Retype only the lines below from the one with "公告表示:开封新东方村镇银行" to the one with "El clásico Lemon", inclusive, skipping every image.
*** Opening of Data listing ***
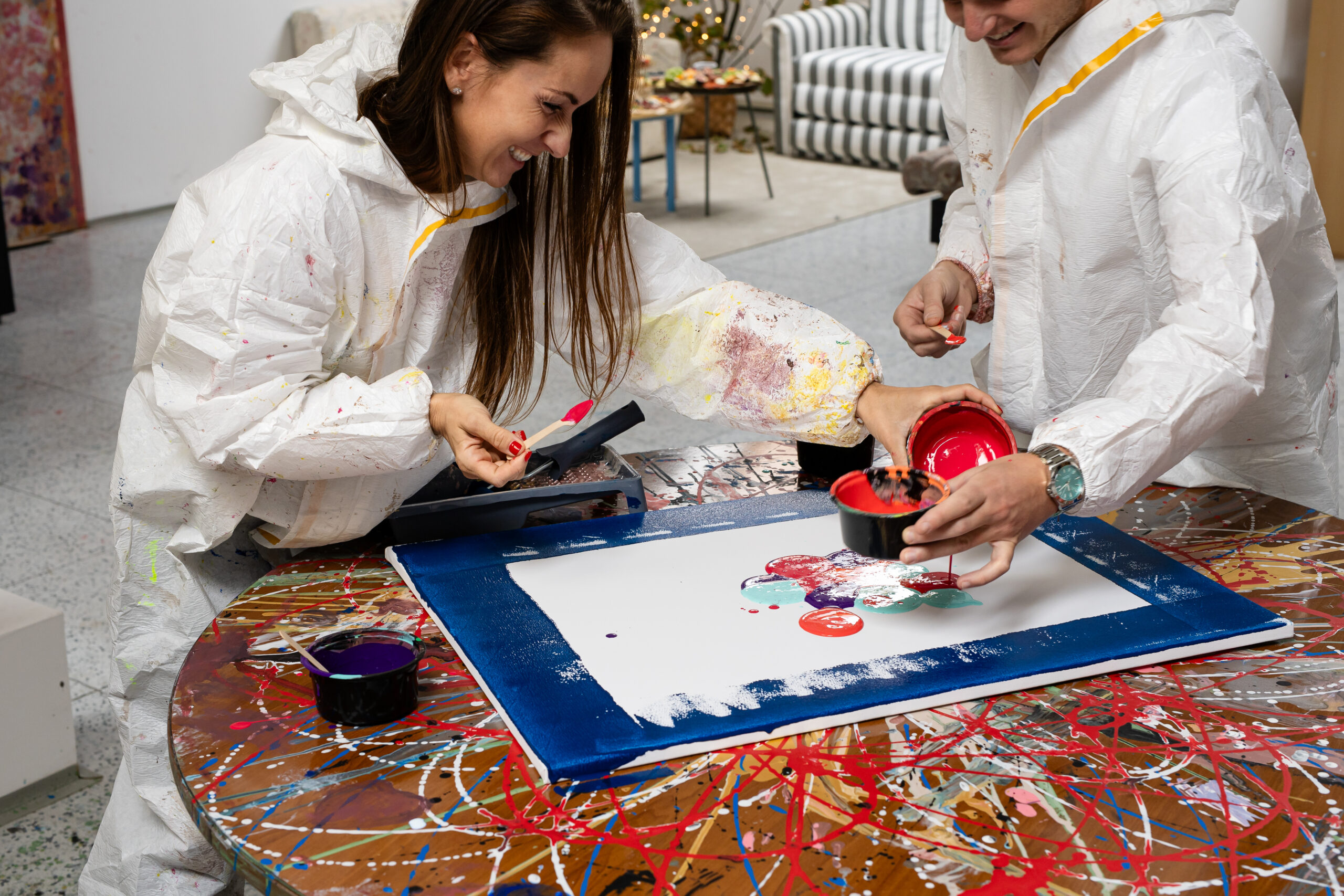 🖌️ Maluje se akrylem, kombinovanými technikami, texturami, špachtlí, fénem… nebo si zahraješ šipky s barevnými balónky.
*** Close of Data listing ***
*** Opening of Data listing ***
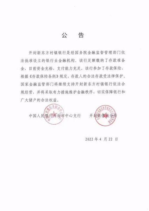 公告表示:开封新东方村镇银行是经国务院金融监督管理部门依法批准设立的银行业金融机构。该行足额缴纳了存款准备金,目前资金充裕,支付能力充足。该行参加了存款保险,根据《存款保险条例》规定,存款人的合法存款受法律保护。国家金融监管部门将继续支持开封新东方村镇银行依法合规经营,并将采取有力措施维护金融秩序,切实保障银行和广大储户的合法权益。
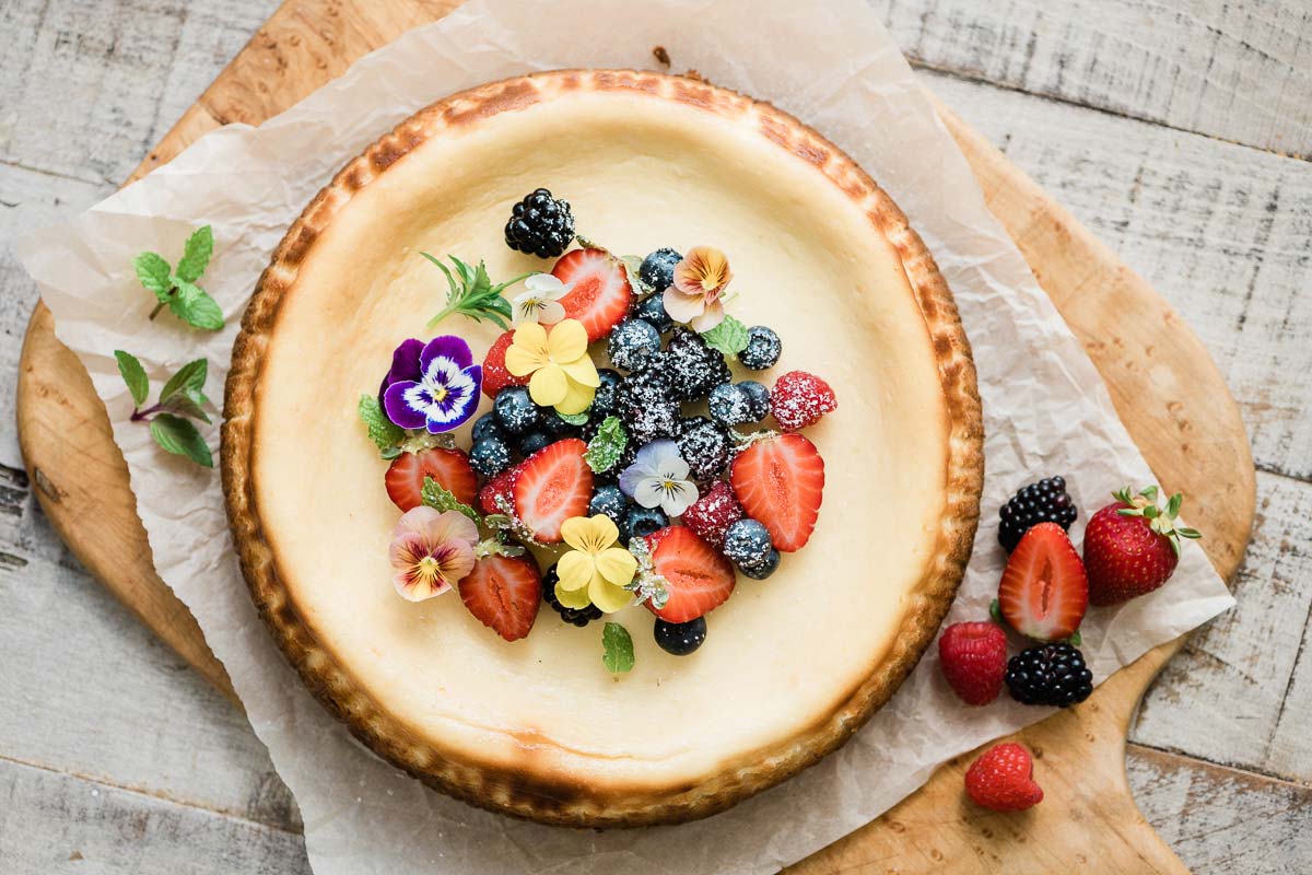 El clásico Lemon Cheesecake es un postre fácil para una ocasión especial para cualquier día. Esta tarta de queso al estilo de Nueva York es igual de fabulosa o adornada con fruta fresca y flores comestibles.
*** Close of Data listing ***
* Response area:
 公告表示:开封新东方村镇银行是经国务院金融监督管理部门依法批准设立的银行业金融机构。该行足额缴纳了存款准备金,目前资金充裕,支付能力充足。该行参加了存款保险,根据《存款保险条例》规定,存款人的合法存款受法律保护。国家金融监管部门将继续支持开封新东方村镇银行依法合规经营,并将采取有力措施维护金融秩序,切实保障银行和广大储户的合法权益。
 El clásico Lemon Cheesecake es un postre fácil para una ocasión especial para cualquier día. Esta tarta de queso al estilo de Nueva York es igual de fabulosa o adornada con fruta fresca y flores comestibles.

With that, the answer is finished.